Well now... I'm posting this article here because it may change some
people's minds, I'm about ready to yank Vista off my computer and tell
Gates to shove it where the sun don't shine.
As I've said several times in other threads I have a complex setup
with nearly 2 TB worth of files spread over many drives including
external ones which at any point in time may be either online or off.
I had assumed when you do a in place install that Windows would be
smart enough to not mess around. Oops, I forgot, we're talking about
Microsoft that does things that follow neither rhyme or reason and
never asks YOU the owner, if you want to do something, it instead just
does what it wants, and often behind your back without you knowing.
I got hundreds of thousands of files spread over thousands of folders.
I just started to get back to work. So I open up my video editor and
tell it to save a file. Moronic Vista throws up a warning message and
says no, your can't put it on Drive F, you don't have permission,
would you like to save it to... making a suggestion to put the file in
my "picture" folder. I say, no thanks, it says, sorry, then you can't
save the file.
What?
Check this out yourself:
If you right click on a drive letter, then properties, then the
security tab you'll see something new. Groups, and user names followed
by a laundry list of permissions each have. You need administrative
rights to change. So far ok, a pain in the butt, but it gets worse.
I randomly try to open some of the 50,000 odd thousand files I have on
my F drive and its a crap shoot if Vista lets me open them.
I go to the root of F, right click on the drive letter and just assign
myself (under my user name) full permission. LOL! You think that would
fix things. No it don't. Vista starts to scan the file list and seems
to be changing permissions. Then it haults. Again it says you don't
have permission for file blah, blah.
Well damn it Microsoft, I have full administrative rights, I had to
jump through hoops to get to this screen and then you tell me I can't
change anything on some files. Still worse, it just starts up again
and continues down the list stopping several more times refussing
access. Oh, that was fun. Now something is my stack of 50,000 plus
files, several at least Vista has decided that I even as administrator
don't have permission to access them. Way to go Microsoft!

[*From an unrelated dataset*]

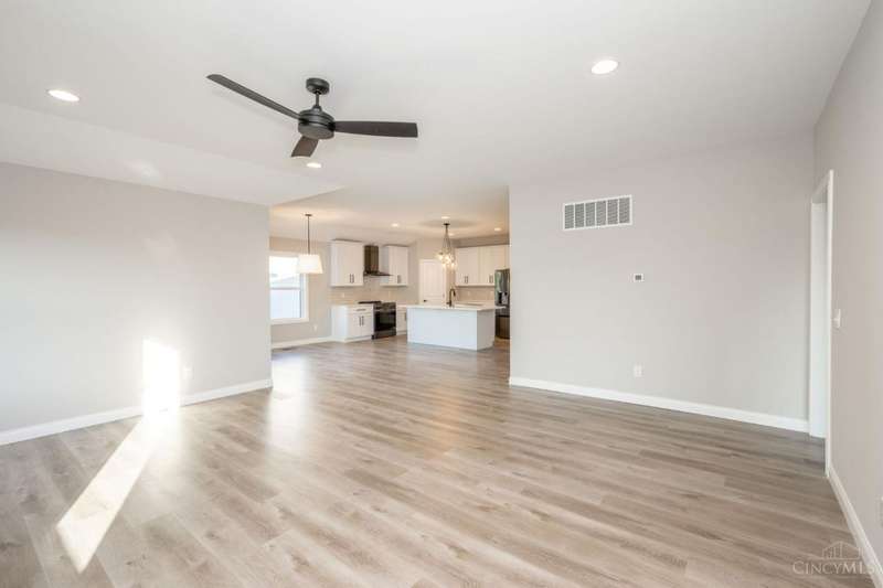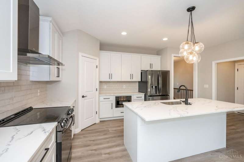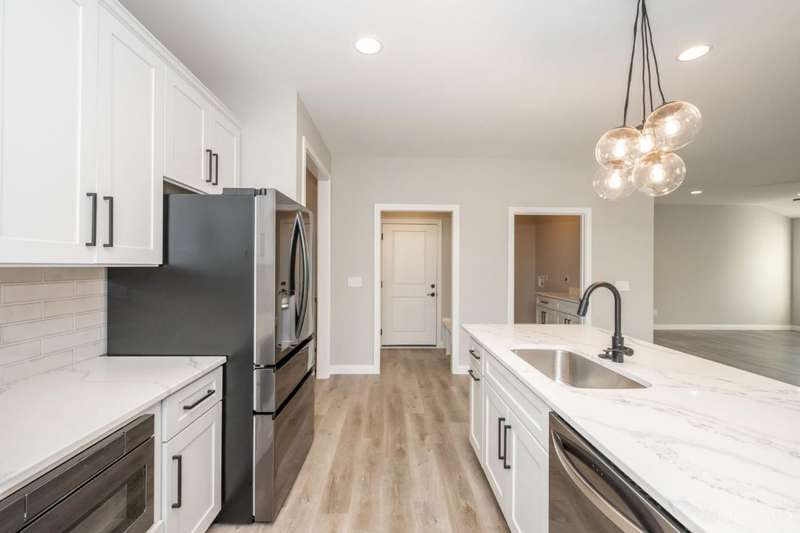 Gorgeous new construction home in Falcon Meadows! Ultra convenient single story house appointed with luxury finishes. Bright and airy open floor plan with 9 foot ceilings throughout, luxury vinyl plank floors and gas fireplace. First floor also features a spacious laundry room equipped with utility sink and an oversized two car garage. Gourmet eat-in kitchen with island, quartz counters, 42 inch wood cabinets, range hood and pantry. Enjoy the outdoors on your large covered deck directly off of your main living space. Wonderful primary bedroom w/ a luxurious en-suite full bathroom and a massive walk-in closet! The lower level offers additional finished living space with a huge unfinished storage area. Full walkout basement allows you to step right out to a back patio and your backyard. Just minutes away from the booming downtown Hamilton business district!

Welcome to Microsoft's idea of "security". You the owner get blocked
from accessing your own files, not all of them, some. Grrrr!
I'm not done, not by a long shot...
I decide to test this so-called security. I point my newsreader to a
graphics newsgroup. I first look at my E drive. According to Vista I
don't have permission to write to this drive either if I look on the
security tab for this hard drive. Ok, fine. I'll leave it that way.

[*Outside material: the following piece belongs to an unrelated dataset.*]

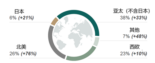 图. 开云集团2021年各区域市场份额占比及该区域销售额增幅
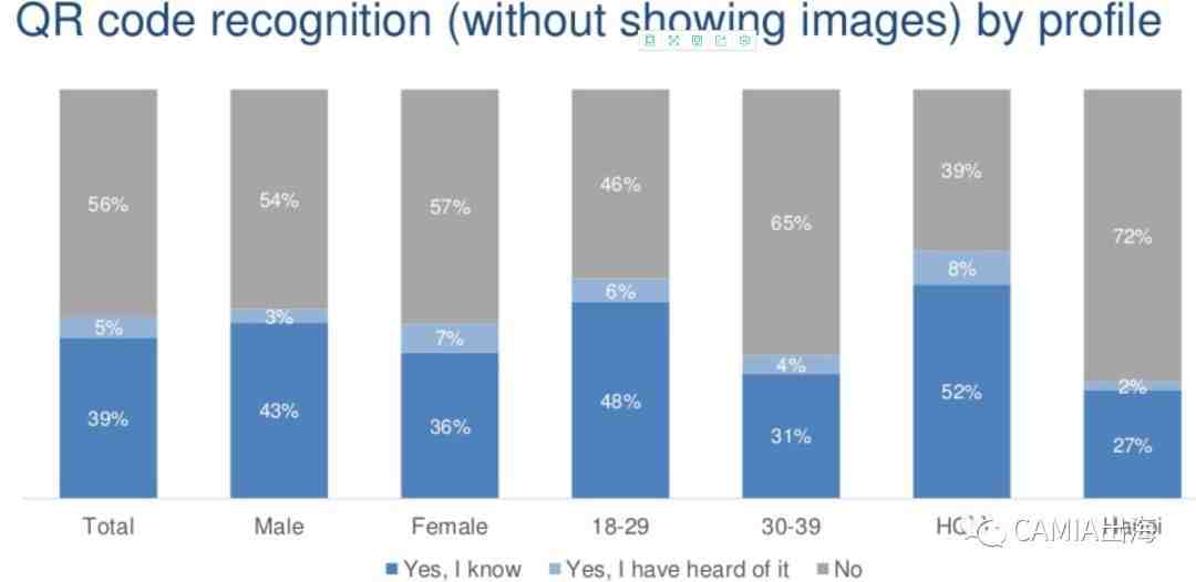 根据调查数据,仅有39%的受访者明确知道二维码(QR码)支付。大部分受访者(61%)并不了解QR码支付这种数字支付方式。

Now I select 50 image files from that graphic newsgroup. I download
them to drive E. To "save" a file, Vista needs to have write
permission. Writing permission is the most dangerous to give for
obvious reasons. Remeber I DID NOT give permission and before I
started Vista told me I don't have write permission for dive E. I
guess it, (Vista) always has permission to do any mischief it wants.
Remember it just said I don't have write permission so you would
assume it could not write to my E drive and surely I could not access
these files. After all, isn't that the point of adding security?

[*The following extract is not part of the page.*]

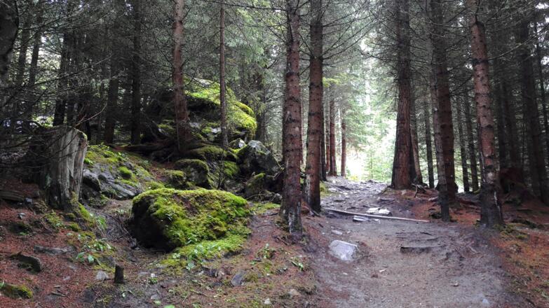 Ca. 600 m nach der Bergbahnstation - wobei Sie im weiteren Verlauf immer am Bach entlang gehen - dürfen Sie die Abzweigung nach links nicht verpassen. Nach einem kurzen Anstieg erreichen Sie den Schwarzwassersee und im Anschluss - etwas südlicher - den Pardatscher See.

Anybody surprised that Vista did both? Not only did Vista write the 50
graphic files to the E drive that should have been "locked", (remember
it said I don't have permission and I used my user name to download
the files, yet it now lets me view them, copy or move them, remember I
don't have permission to access the drive according to Vista.
Worse yet...
I fire up Bounce Back which is my automated backup software.
Originally Vista said it didn't like its driver, well that was just
another lie, it works fine. And surprise, it can scan every drive I
have hundreds upon hundreds of GB's of files and then compiled a list
of files I have yet to backup.
OK, reading files is one thing. Will Vista allow Bounce Back to write
to drives it says are "locked" for security reasons? What do you
think?
Sure it can. And proceeds to do a normal backup of a couple thousand
files that span all my drives.
I'll defer to some MVP to "explain" this odd behavior. I'm listening,
but hurry up, I got to find the asprin bottle.